RECORD SET =
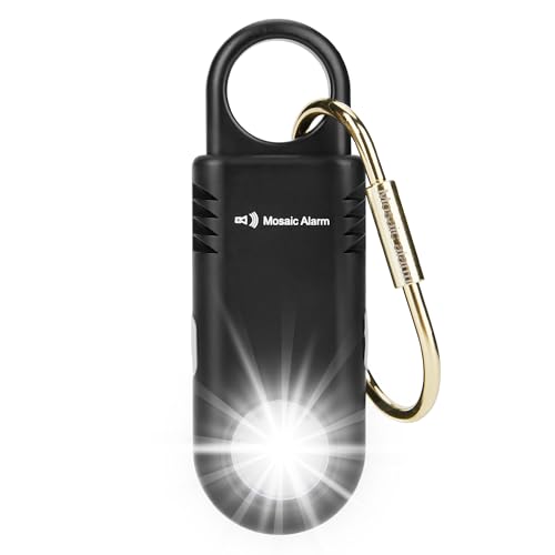 Rechargeable 135dB Personal Safety Alarm Strobe Light Loud Sound Non Slip Grip Keychain SOS Siren for Women, Student. Torchlight Hiking Bear Alarm Deterrent. Emergency Self Defense Alert. Black
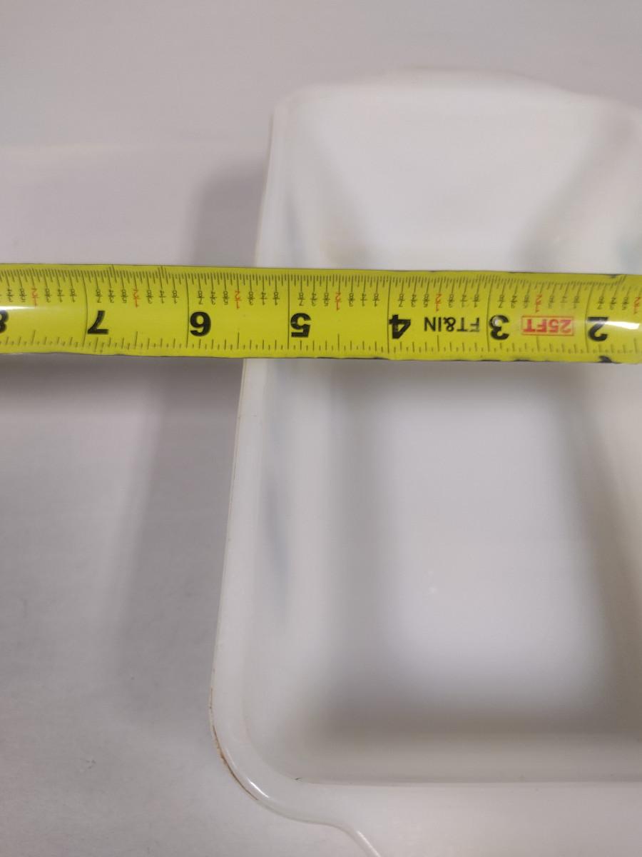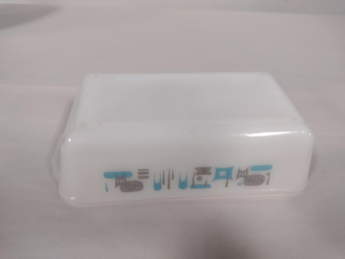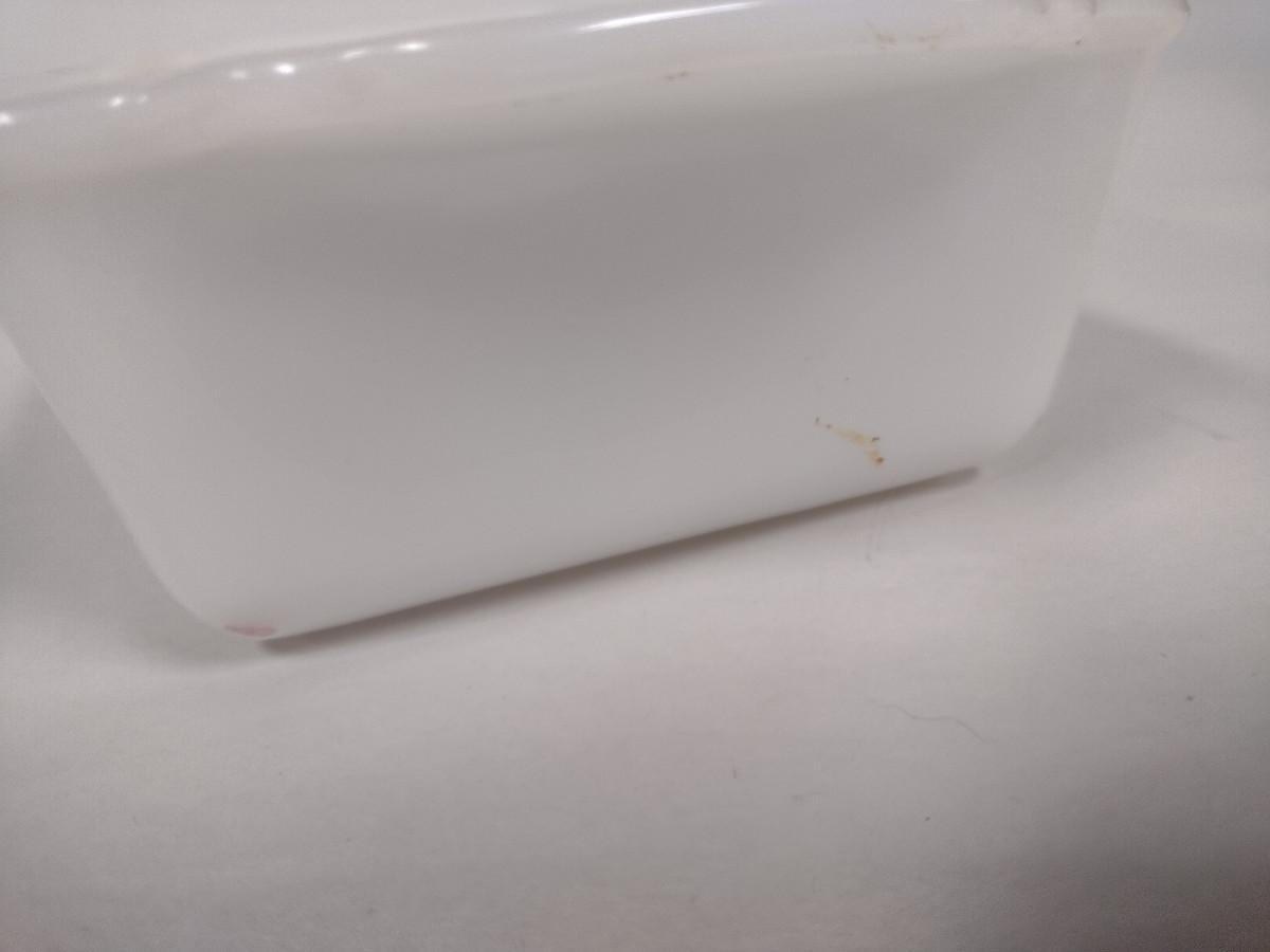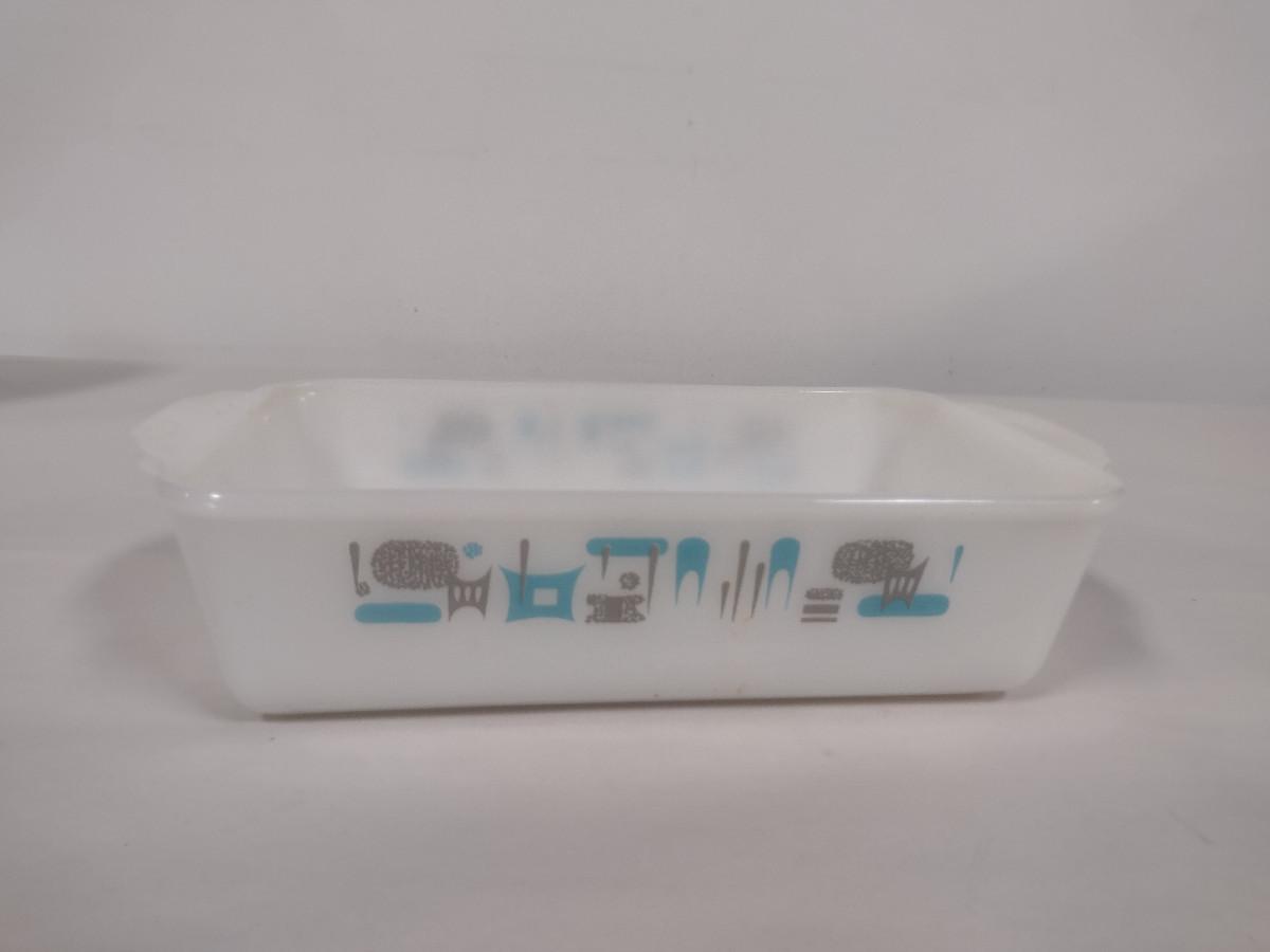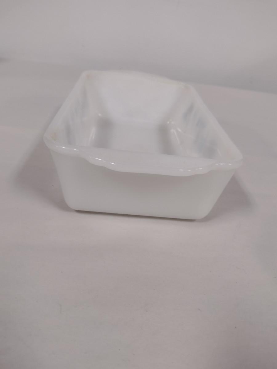 Vintage Royal China Milk Glass Bread Pan- Blue Heaven Pattern (Choice B). Item needs cleaning- has baked on residue.
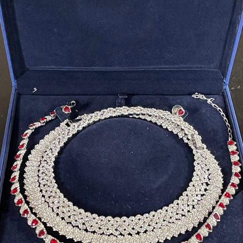 Säljer nu en ring i 9karats vitguld med swarovskikristaller tillsammans med ett par örhängen i 9karats vitguld med diamanter.
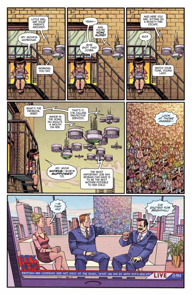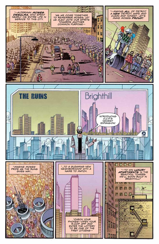 We begin with an unnamed radio presenter – presumably an illegal/underground broadcast – reminding us that once Detroit had heroes, specifically one shiny Robocop-shaped hero, now sadly lacking. We fast-forward to a public gathering and a funeral march for a fallen public figure, unceremoniously offed in issue #1, before immediately cutting to our intrepid CEO unveiling another stage in the plan to literally burn down old parts of Detroit and rebuild gleaming spires from the ashes. Disappointingly, we only get one throwaway reference to the R/cop app from the previous issue that had me so intrigued.
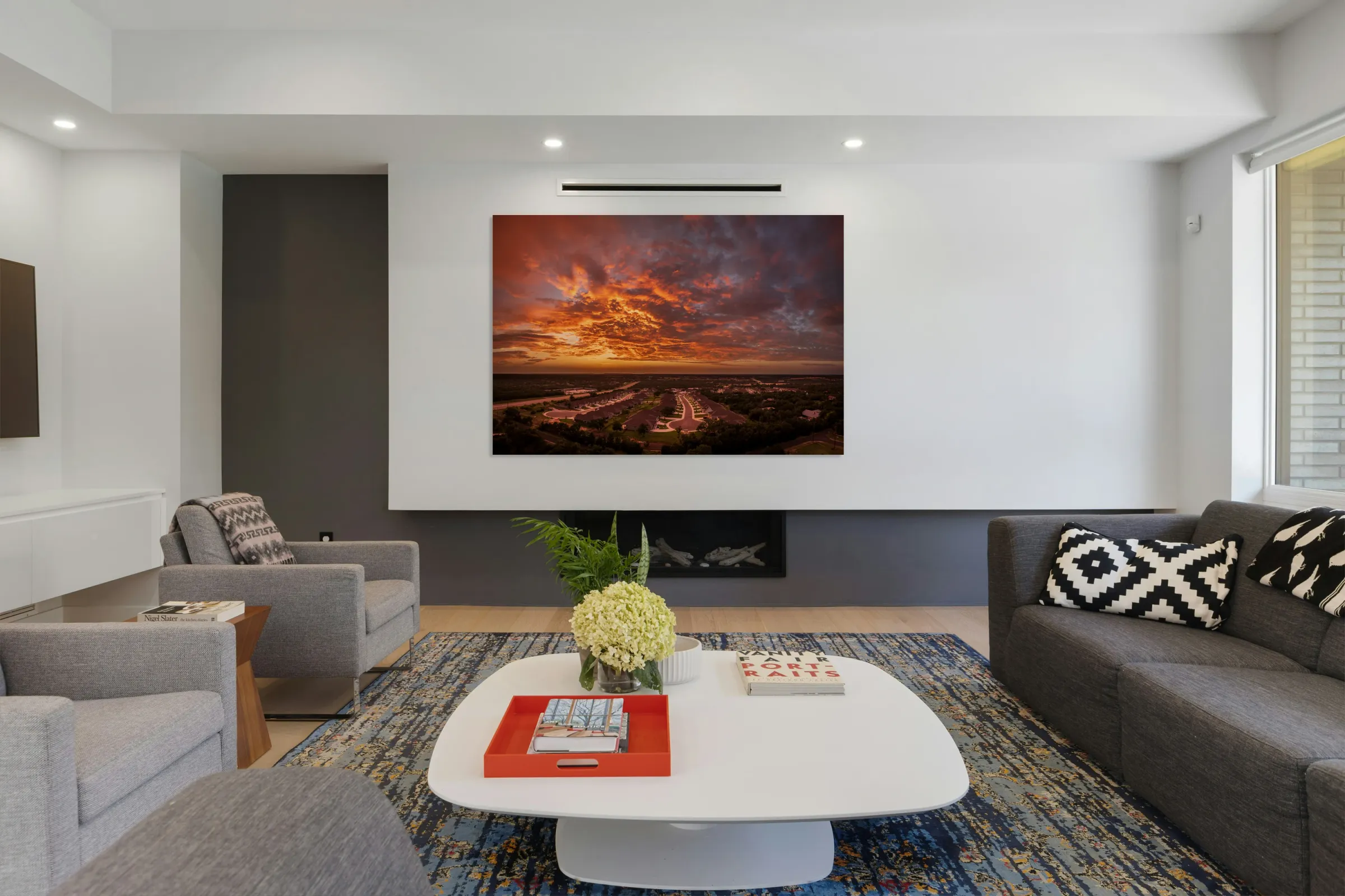 SUR CETTE OEUVRE: DRAMATIC SUNSET SEEN FROM DRONE OVER GEORGETOWN TEXAS RESIDENTIA
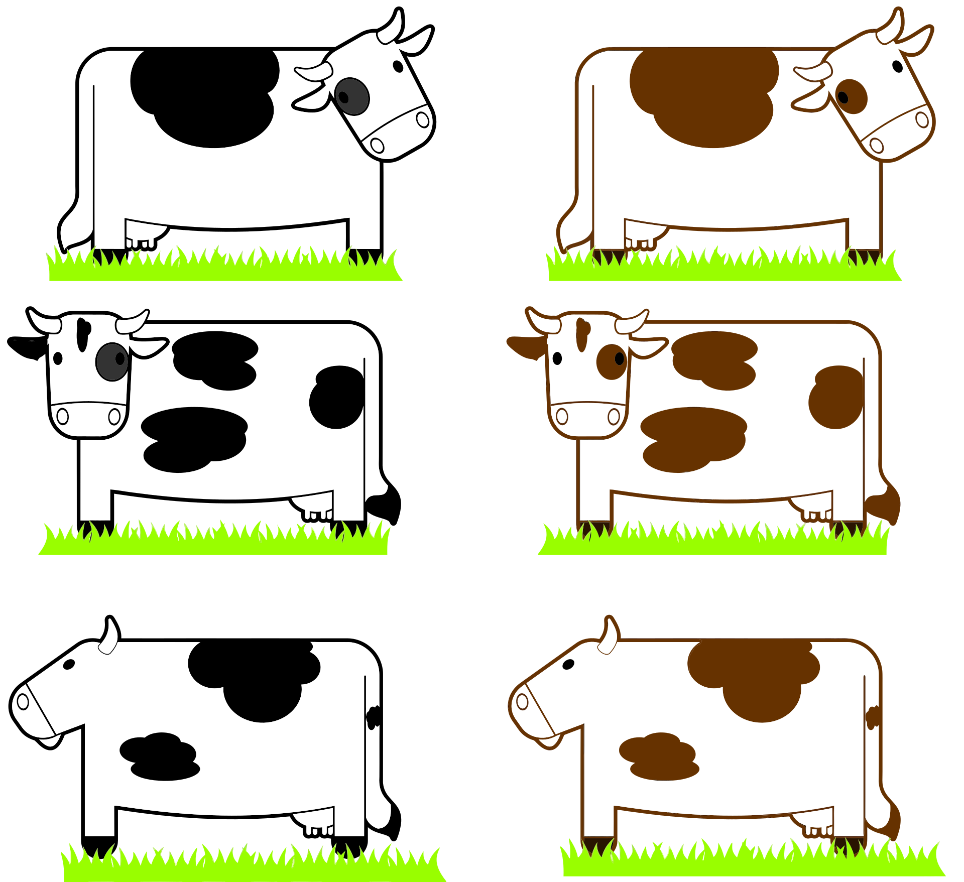 Tags: agriculture, animal, black, bovine, brown, cheese, cows, dairy, grass, livestock, milk, cow, dairy cow, black and white cow, brown and white cow, cartoon cow

GOAL OF THE EXERCISE = Copy only what lies between the start of the listing above and the line containing "Säljer nu en", inclusive of both ends, exactly as written, and drop the pictures.

ANSWER SECTION =
 Rechargeable 135dB Personal Safety Alarm Strobe Light Loud Sound Non Slip Grip Keychain SOS Siren for Women, Student. Torchlight Hiking Bear Alarm Deterrent. Emergency Self Defense Alert. Black
 Vintage Royal China Milk Glass Bread Pan- Blue Heaven Pattern (Choice B). Item needs cleaning- has baked on residue.
 Säljer nu en ring i 9karats vitguld med swarovskikristaller tillsammans med ett par örhängen i 9karats vitguld med diamanter.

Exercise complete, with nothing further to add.